■ Required action ■
The listing below holds pictures; exclude them. Return exactly the lines from the one with "Снизу берём синюю" through the one with "Diese DGUV Information".
::::::::::
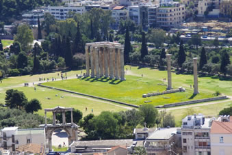 De tempel van Zeus met op de achtergrond de Acropolis |
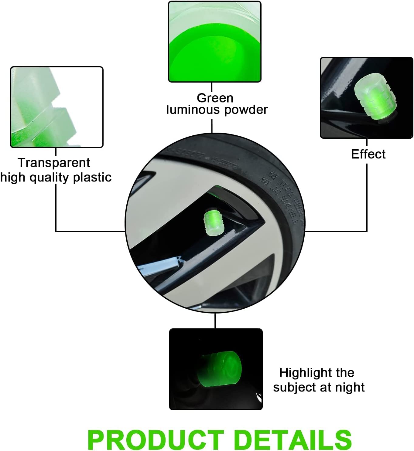 Not just that fluorescent valve caps protect tyres valves from dust and prevent leaking while adding a shiny and luxurious look to your car.
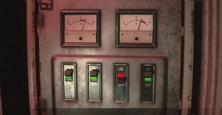 Снизу берём синюю и зелёную траву. Используем рычаг, он окажется сломанным. С левой стороны заходим в комнату и подбираем красную траву. В электрощитке переключаем выключатели: вкл, вкл, выкл, вкл.
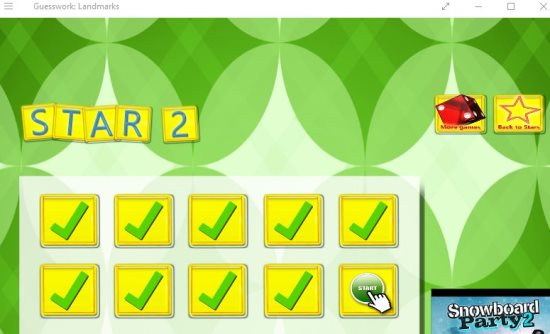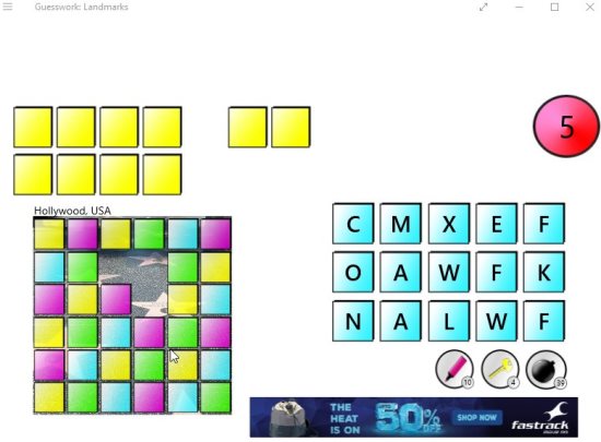 Guesswork Landmarks is a free Windows 10 picture guessing game. In this game you have to correctly guess the landmark given in the picture. The picture is also not fully revealed to you, it is covered with small square blocks and each block has to be clicked to reveal the picture. The fun thing is that you only get to take away 10 block from the hidden picture and then guess which landmark is shown in the picture.
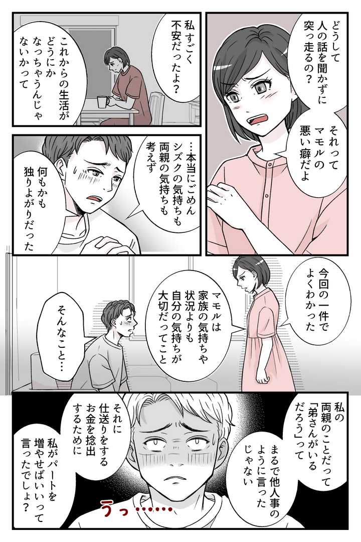 「愚かだった」と反省するマモルに、私は「今さら? 結局、自分と親のことしか考えていない」と冷たく言い放ちました。マモルの暴走が、私をどれだけ不安にさせたことか……。
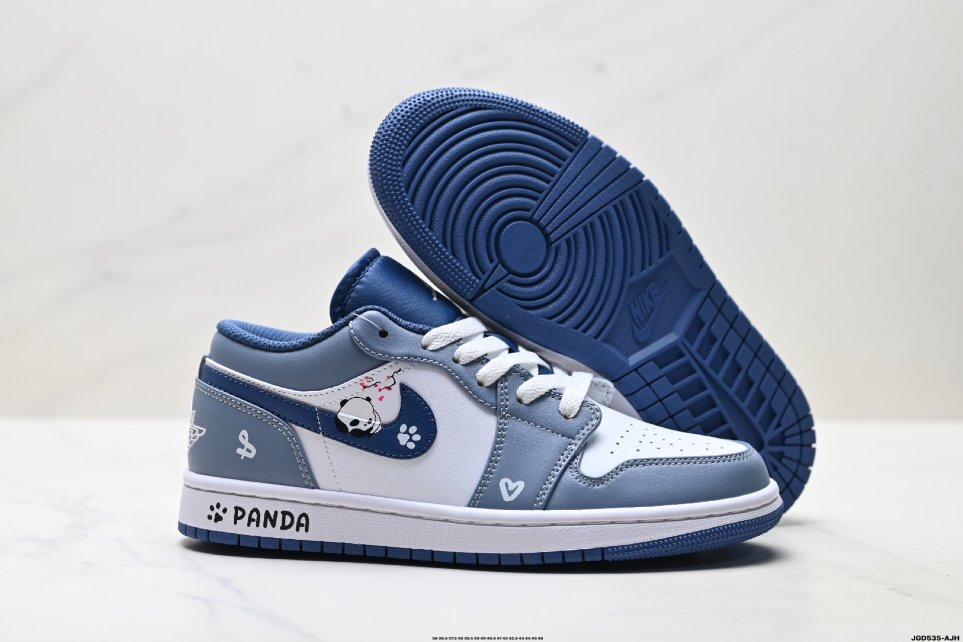 公司级定制球鞋Jordan Air Jordan 1慵懒大熊猫手绘解构低帮休闲篮球鞋
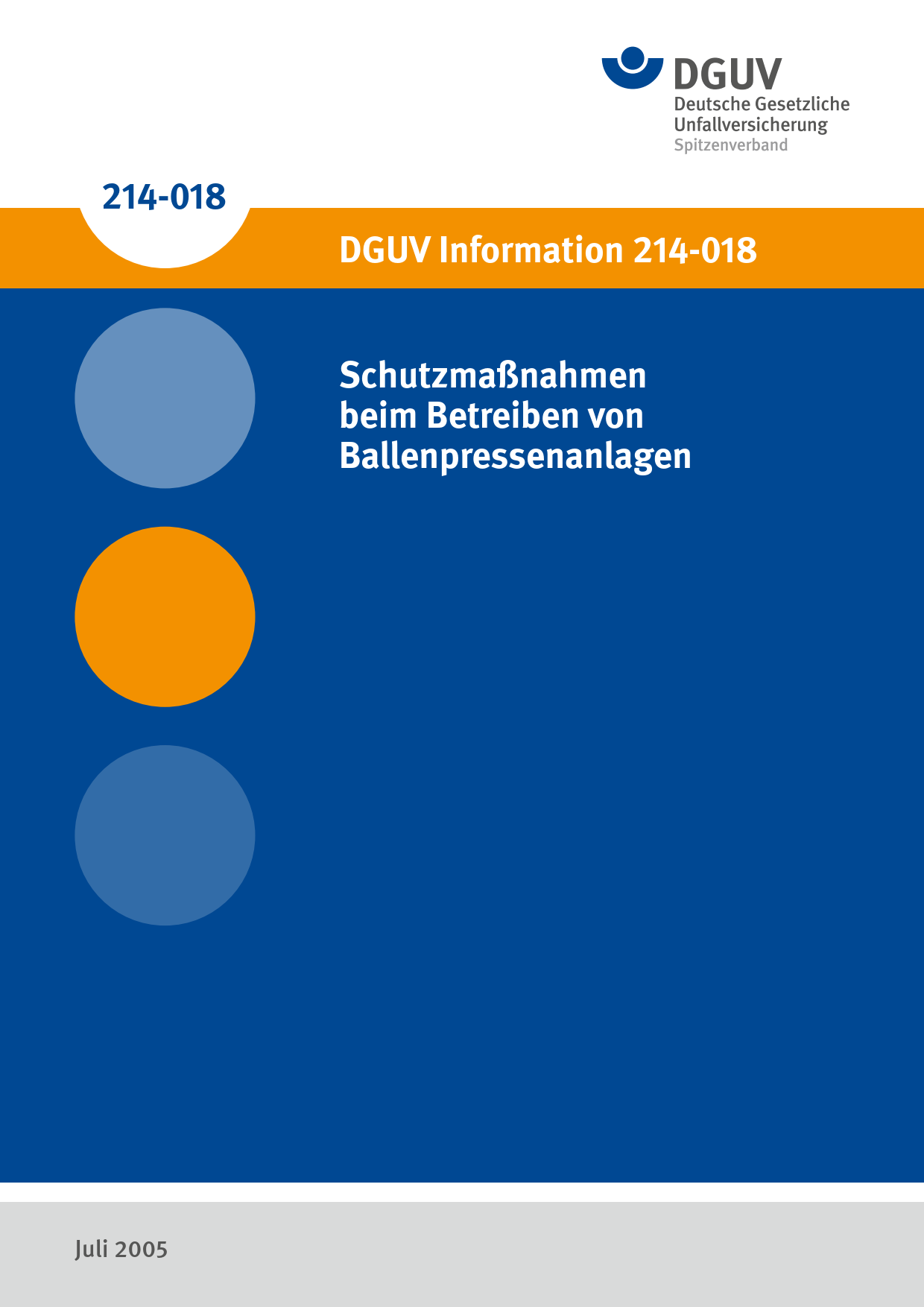 Diese DGUV Information erläutert wichtige Begriffe im Kontext von Ballenpressenanlagen und stellt typische Gefährdungen beim Umgang mit entsprechenden Anlagen vor. Zudem werden geeignete, insbesondere technische und organisatorische, Schutzmaßnahmen vorgestellt und Hinweise zur Prüfung von Ballenpressenanlagen gegeben.
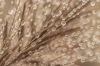 "Abstractie in beige en taupe: Lijnenspel met druppeltjes" is een macrofoto van een waterdruppeltjes die aan een grasaren hangen (lampenpoestersgras).
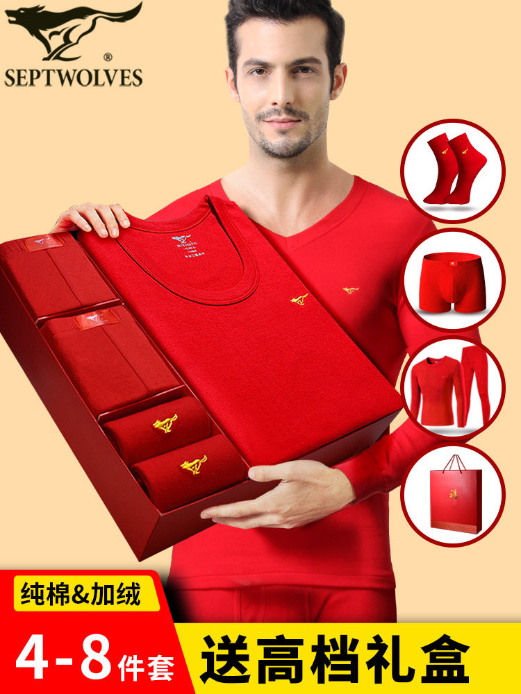 Septwolves Year of the Horse Zodiac Year Men's Underwear Clothing Gift 2026 Year of the Horse Dad's Autumn Clothes Red Underwear Set
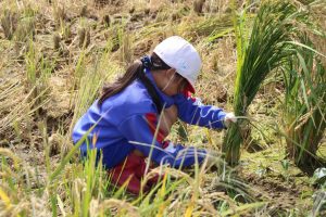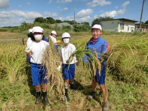 5年生が稲刈り体験を行いました。鉾田二校生達に教えてもらいながら、夢中になって取り組みました。
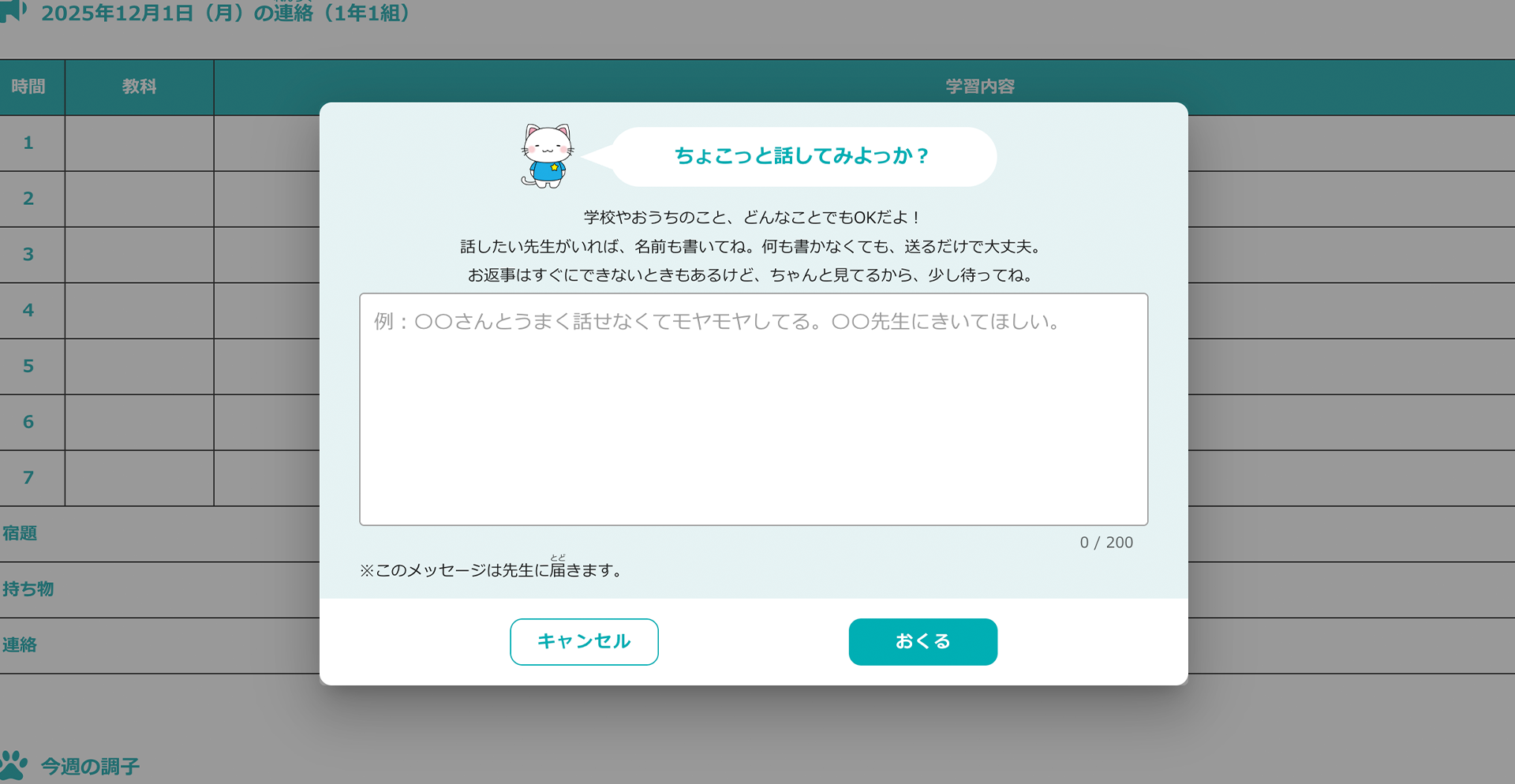 児童生徒が、悩みや不安を感じたときに、任意のタイミングで先生へ相談の気持ちを伝えられる「相談ボタン」を表示することができます。
::::::::::
■ Solution ■
 Снизу берём синюю и зелёную траву. Используем рычаг, он окажется сломанным. С левой стороны заходим в комнату и подбираем красную траву. В электрощитке переключаем выключатели: вкл, вкл, выкл, вкл.
 Guesswork Landmarks is a free Windows 10 picture guessing game. In this game you have to correctly guess the landmark given in the picture. The picture is also not fully revealed to you, it is covered with small square blocks and each block has to be clicked to reveal the picture. The fun thing is that you only get to take away 10 block from the hidden picture and then guess which landmark is shown in the picture.
 「愚かだった」と反省するマモルに、私は「今さら? 結局、自分と親のことしか考えていない」と冷たく言い放ちました。マモルの暴走が、私をどれだけ不安にさせたことか……。
 公司级定制球鞋Jordan Air Jordan 1慵懒大熊猫手绘解构低帮休闲篮球鞋
 Diese DGUV Information erläutert wichtige Begriffe im Kontext von Ballenpressenanlagen und stellt typische Gefährdungen beim Umgang mit entsprechenden Anlagen vor. Zudem werden geeignete, insbesondere technische und organisatorische, Schutzmaßnahmen vorgestellt und Hinweise zur Prüfung von Ballenpressenanlagen gegeben.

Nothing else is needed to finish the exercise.